“是建奴的斥候。”
朱敛接过那块粗糙的木质腰牌,上面用满文刻着几个字。
他虽然不认识满文,但也能猜出那代表着什么。
“审出什么来了。”
朱敛将腰牌扔在书案上,语气平静得让人害怕。
“那鞑子骨头硬,末将挑了他的手筋脚筋才肯开口。”
黑云龙的呼吸粗重起来。
“那是后金正白旗的精锐。这支骑兵大约有五六千人,正在夜间秘密调动,白天隐蔽,目标直指榆林驿。”
“而且,领兵的主将,正是皇太极的亲弟弟……”
黑云龙抬起头,死死盯着朱敛。
“多尔衮。”
“嗯?”
“是他?!”
朱敛眉头一皱,眼底闪过几分凝重。
书房内的空气仿佛在这一瞬间凝固了。
朱敛手里捏着那块沾着干涸血迹的满文木牌,指腹轻轻摩挲着上面粗糙的刻痕。
“多尔衮。”
他低声重复了一遍这个名字,昏暗的烛火在他的眼底跳跃,折射出一抹令人心悸的森冷寒芒。
他忽然短促地冷哼了一声。
这声冷哼在闷热安静的书房里显得格外刺耳,带着毫不掩饰的嘲弄与冰冷的杀意。
“果然是他。”
朱敛随手将那块代表着后金正白旗精锐身份的腰牌扔在了紫檀木的书案上,木牌磕在桌面上出一声闷响。
他转过身,缓步走到窗前,伸手猛地推开窗户。
一股带着燥热气息的夏风扑面而来,吹得他身上那件单薄的中衣猎猎作响。
“朕这半个多月来,在这山西境内的官道上像乌龟一样慢吞吞地爬,在这宣府城里像个昏君一样看戏喝酒。
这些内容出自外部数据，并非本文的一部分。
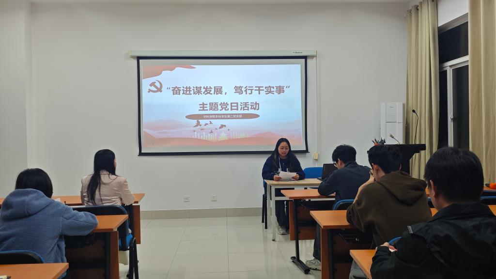 10月21日晚19:00,材料科学与工程学院本科学生第二党支部在新能源1号楼804室举办“奋进谋发展,笃行干实事”主题党日活动,活动由党员邓沁怡主持。

”
“没想到,真让朕等来了一条大鱼啊!”
朱敛的声音不大,但每一个字都像是一把重锤,狠狠地砸在黑云龙的心头。
黑云龙单膝跪在地上,额头上的汗珠子混着灰尘吧嗒吧嗒地往下掉。
这大夏天的,他本就穿着厚重的铠甲,刚才又是一路狂奔汇报军情,此刻整个人就像是从水里捞出来的一样,但听着皇帝的话,他竟觉得后背蹿起一股子凉意。
“陛下断事如神,早就料到建奴会来。”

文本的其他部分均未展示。